(Beginning of DATA SUPPLIED)

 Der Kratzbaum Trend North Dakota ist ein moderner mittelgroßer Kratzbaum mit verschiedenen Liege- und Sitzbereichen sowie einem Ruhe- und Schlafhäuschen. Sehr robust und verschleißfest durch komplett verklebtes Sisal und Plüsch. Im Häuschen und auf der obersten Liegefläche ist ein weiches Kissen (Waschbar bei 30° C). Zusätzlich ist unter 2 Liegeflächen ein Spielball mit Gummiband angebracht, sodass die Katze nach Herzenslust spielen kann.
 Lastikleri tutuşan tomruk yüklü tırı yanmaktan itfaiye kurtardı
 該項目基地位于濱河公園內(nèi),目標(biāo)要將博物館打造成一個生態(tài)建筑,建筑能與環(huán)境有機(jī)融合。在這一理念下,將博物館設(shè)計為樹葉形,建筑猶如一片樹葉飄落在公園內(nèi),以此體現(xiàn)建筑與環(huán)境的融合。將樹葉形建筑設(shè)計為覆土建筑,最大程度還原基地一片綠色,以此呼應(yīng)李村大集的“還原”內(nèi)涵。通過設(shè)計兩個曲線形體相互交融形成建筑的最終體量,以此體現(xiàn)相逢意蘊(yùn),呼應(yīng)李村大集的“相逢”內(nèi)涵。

(End of DATA SUPPLIED)
(Beginning of DATA SUPPLIED)

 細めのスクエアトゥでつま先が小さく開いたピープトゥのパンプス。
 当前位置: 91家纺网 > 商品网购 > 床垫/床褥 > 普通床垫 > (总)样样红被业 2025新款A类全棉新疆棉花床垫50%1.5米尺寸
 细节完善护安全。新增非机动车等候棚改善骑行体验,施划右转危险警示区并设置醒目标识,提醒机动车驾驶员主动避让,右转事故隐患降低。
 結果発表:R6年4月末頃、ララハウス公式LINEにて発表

(End of DATA SUPPLIED)
(Beginning of DATA SUPPLIED)

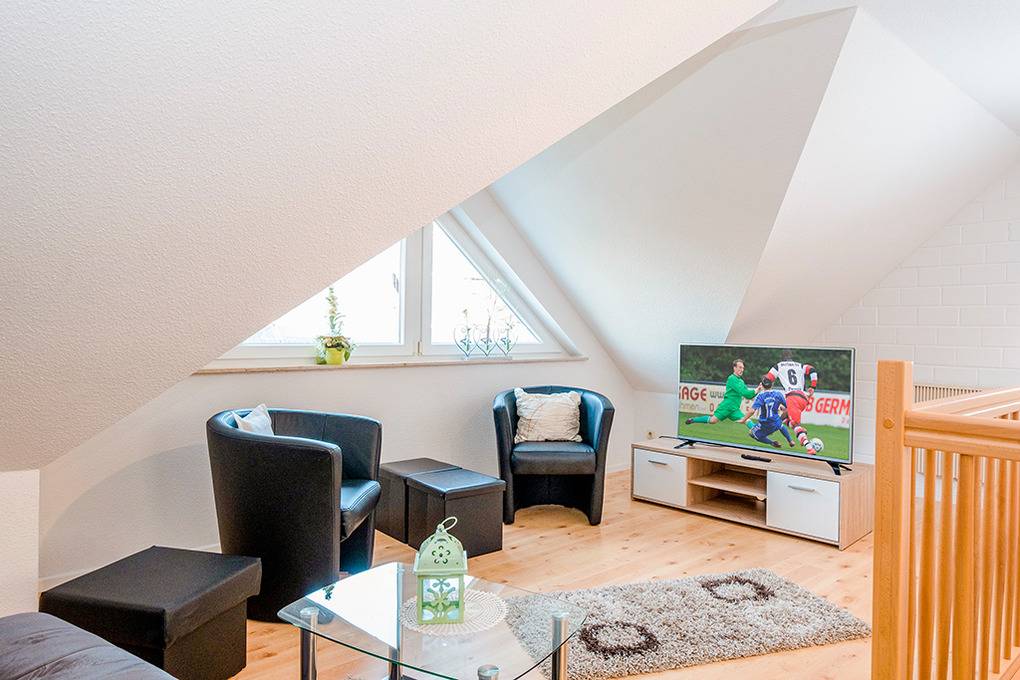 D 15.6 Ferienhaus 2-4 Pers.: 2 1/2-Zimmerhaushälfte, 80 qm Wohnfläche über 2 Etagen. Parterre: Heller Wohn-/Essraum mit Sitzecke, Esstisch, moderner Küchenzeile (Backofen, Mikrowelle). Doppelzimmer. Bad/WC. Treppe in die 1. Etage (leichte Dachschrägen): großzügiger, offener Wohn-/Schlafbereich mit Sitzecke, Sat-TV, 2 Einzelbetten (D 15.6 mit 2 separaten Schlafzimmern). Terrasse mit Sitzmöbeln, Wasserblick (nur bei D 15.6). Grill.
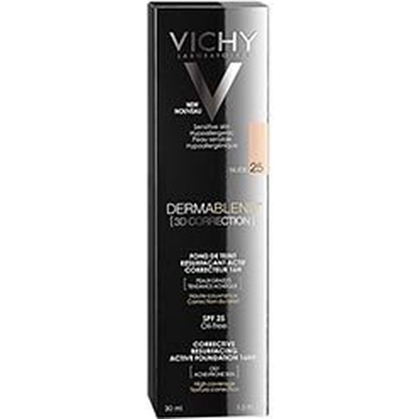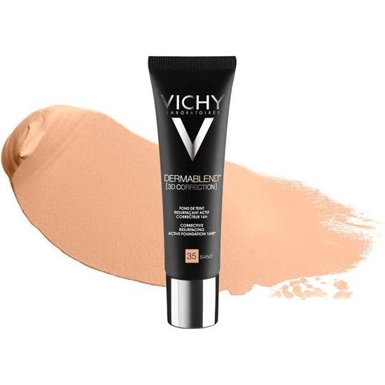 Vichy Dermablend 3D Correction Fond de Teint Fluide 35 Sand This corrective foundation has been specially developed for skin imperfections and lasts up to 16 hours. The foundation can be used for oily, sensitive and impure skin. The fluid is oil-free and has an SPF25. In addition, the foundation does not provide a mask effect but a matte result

(End of DATA SUPPLIED)

Using the entries above, give back exactly the line containing "細めのスクエアトゥでつま先が小さく開いたピープトゥのパンプス。", the line containing "結果発表:R6年4月末頃、ララハウス公式LINEにて発表", and every line between them, and nothing else.

ANSWER SECTION:
 細めのスクエアトゥでつま先が小さく開いたピープトゥのパンプス。
 当前位置: 91家纺网 > 商品网购 > 床垫/床褥 > 普通床垫 > (总)样样红被业 2025新款A类全棉新疆棉花床垫50%1.5米尺寸
 细节完善护安全。新增非机动车等候棚改善骑行体验,施划右转危险警示区并设置醒目标识,提醒机动车驾驶员主动避让,右转事故隐患降低。
 結果発表:R6年4月末頃、ララハウス公式LINEにて発表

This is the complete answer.